◎「ビデオゲームでやった通りに」 ロシア戦車破ったM2歩兵戦闘車の砲手、内幕語る

 

 

 ウクライナ北東部アウジーイウカ郊外の集落ステポベで先日あった小競り合いで、ウクライナ軍のM2ブラッドレー歩兵戦闘車は2両でタッグを組んでロシア軍のT-90戦車に挑み、武装も装甲も勝るこの戦車を無力化する殊勲を立てた。とはいえ、乗員たちは一歩間違えれば手ひどい結果になりかねなかった。

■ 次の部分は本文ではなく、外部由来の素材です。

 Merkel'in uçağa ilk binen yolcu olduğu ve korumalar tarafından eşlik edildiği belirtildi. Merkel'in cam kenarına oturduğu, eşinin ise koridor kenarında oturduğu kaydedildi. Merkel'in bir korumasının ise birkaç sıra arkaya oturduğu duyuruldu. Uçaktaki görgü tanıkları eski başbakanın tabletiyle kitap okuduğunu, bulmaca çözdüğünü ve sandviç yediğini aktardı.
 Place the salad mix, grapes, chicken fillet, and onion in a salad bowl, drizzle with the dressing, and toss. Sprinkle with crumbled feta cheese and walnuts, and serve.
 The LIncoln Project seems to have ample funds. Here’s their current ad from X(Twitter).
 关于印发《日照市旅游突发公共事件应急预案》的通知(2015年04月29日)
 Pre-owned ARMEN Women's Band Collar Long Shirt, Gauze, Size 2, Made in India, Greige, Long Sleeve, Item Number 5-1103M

 米国から昨年200両近く供与され、ウクライナ軍の第47独立機械化旅団に配備されたM2の1両は、ロシア軍最高の戦車であるT-90に対して至近距離から25mm機関砲で数発射撃したあと、その場を離れて走り去る。バトンタッチされた2両目のM2が猛然と駆け出し、T-90に数十mの距離まで近づいて攻撃し始める。
 2両目のM2は25mm機関砲で徹甲弾(装甲の貫通を目的とした砲弾)を連射する。惨事になりかけたのはその時だった。

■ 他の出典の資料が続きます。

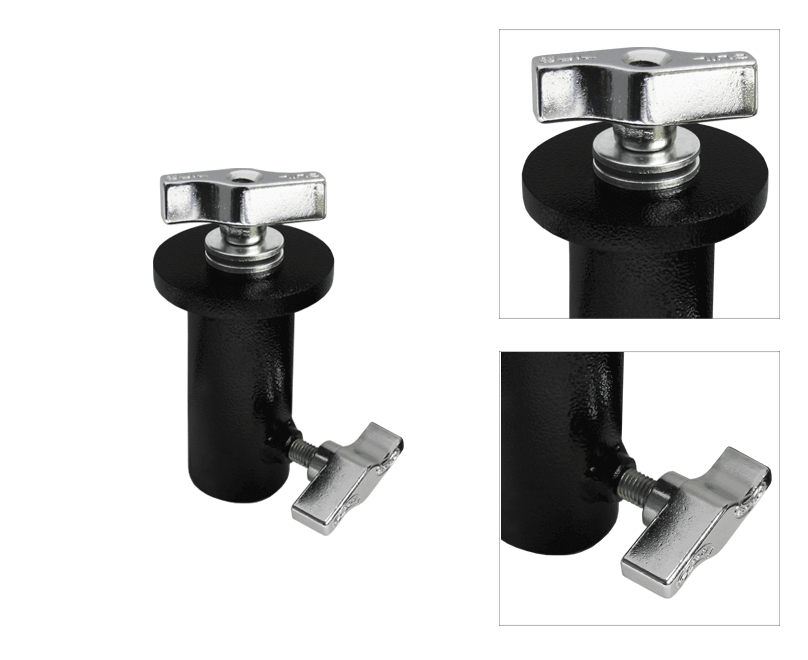 Practical adaptor to attach spotlights, followspots, electronic scoreboards or any type of device that has a yoke, which we want raise using a speaker stand or lifting tower. It is supplied complete with a metallic ergonomic knob to secure the light fixtures to the M10x30 threaded bolt.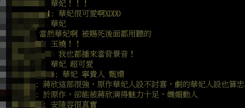 PTT文章一出,立刻引來許多網友討論,紛紛留言自己最喜歡的角色「玉嬈最幸福,有姐姐幫忙坦,還可以跟心愛的人過一生」、「葉蘭依+1,華妃我也喜歡」、「華妃被蔣欣演得魅力十足,嬌媚動人、「絕對是華妃」、「華妃很美,而且他是唯一一個從頭到尾都愛皇上的人」、「華妃,整部最真實的人物」、「沈眉莊+1,喜歡她的個性而且最耐看」。在留言當中,華妃被提起的次數最多,雖然在劇中是反派角色,但他敢愛敢恨,個性鮮明,難怪成為大家的心頭所好!

 砲手のセルヒーは地元メディアTCHのインタビューに答え「全力射撃しました。最初は対装甲(弾)で。でも、途中で問題が起きたんです」と語っている。
「問題」の詳細は不明だが、徹甲弾が底をついたのかもしれない。いずれにせよ、使う弾を、徹甲弾よりも貫通力の劣る榴弾に切り替えざるを得なくなった。
 セルヒーはT-90に徹甲弾を命中させていたが、追加装備の爆発反応装甲すら貫通していなかった。当然、数百mmの厚みがあるベースの複合装甲も貫通していなかった。

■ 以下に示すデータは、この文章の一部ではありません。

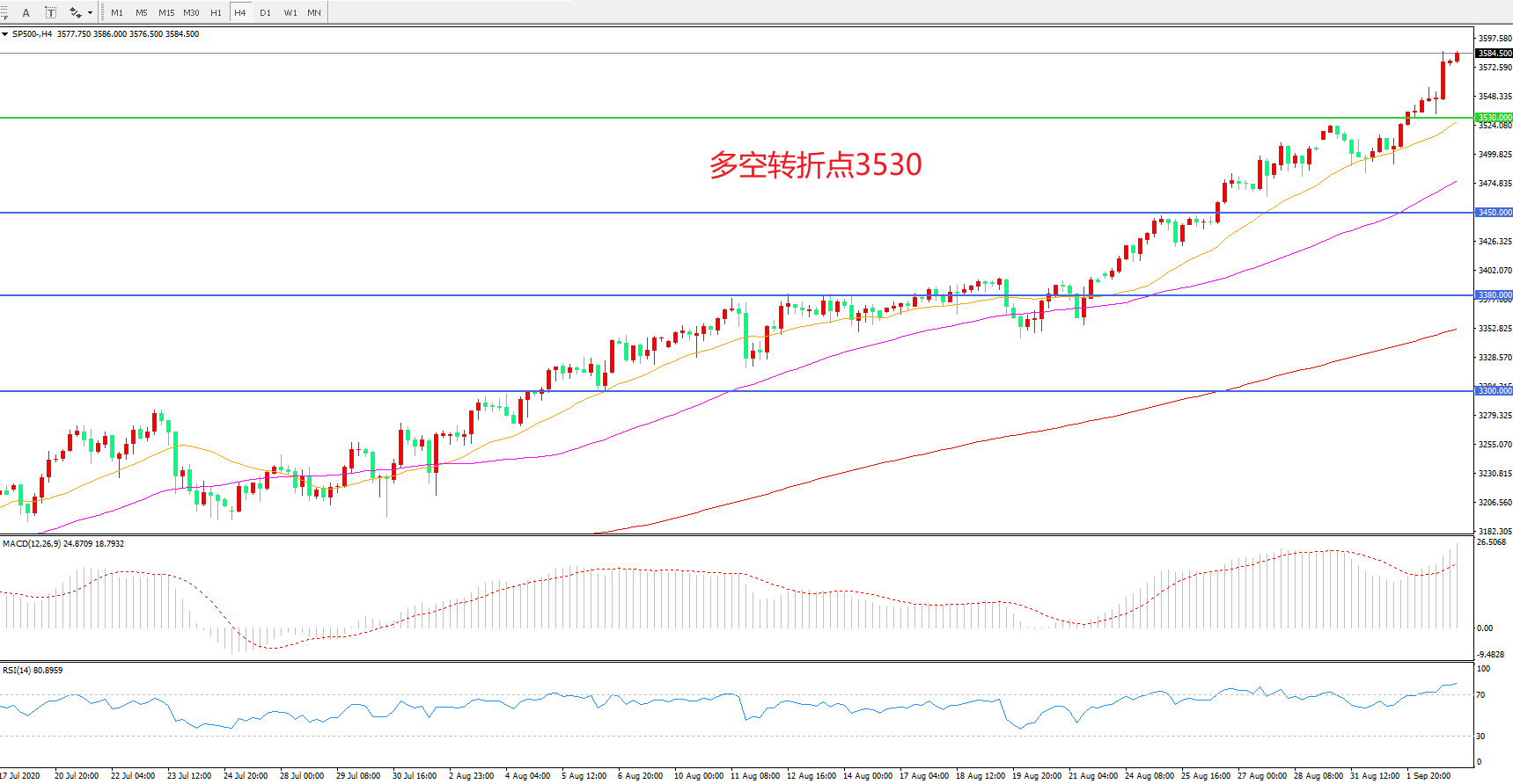备选策略:在3530.00之下看跌,目标3450.00          3380.00

 これらの装甲や125mm滑腔砲を備えるT-90と比べると、M2は装甲もはるかに薄ければ砲も小さい。重量はT-90の50tに対してM2は30tだ。すべての条件が同じなら、M2はT-90にはまず太刀打ちできない。 

 だが、ステポベでのこの戦闘では、すべての条件が同じというわけではなかった。セルヒーは数週間前にドイツでの訓練を終えたばかりだったがとっさの機転を利かせた。
「ビデオゲームをしていたので、(どうやったらいいか)全部思い出したんです」(セルヒー)
 T-90の分厚い装甲を撃ち抜けなかったセルヒーは、この戦車の脆弱な部分である光学機器に狙いを定めた。
「ヤツ(T-90)の目潰しにかかったんです。逃げられなくようにするために」
 今回の劇的な戦闘を撮影したドローン(無人機)の映像は、その様子と結果も捉えている。セルヒーはT-90に1lb(0.45kg)弾をたたき込み続け、爆発反応装甲の一部を起爆させ、光学機器も破壊している。
 制御不能に陥ったT-90は、砲塔を回転させながら木に衝突して止まる。乗員3人は脱出したものの、うち操縦士はウクライナ側の捕虜になったとされる。T-90にはFPV(1人称視点)ドローンでとどめが刺され、残骸は何日間も戦場に置き去りにされた。
 M2のようなバランスの取れた歩兵戦闘車であっても、接近戦で戦車を仕留めるのは非常に難しい。しかし、セルヒーは臨機応変の戦い方でそれをやってのけた。どんな激戦でも装備と同じくらい技能が重要になるということを、あらためて示す一戦だった。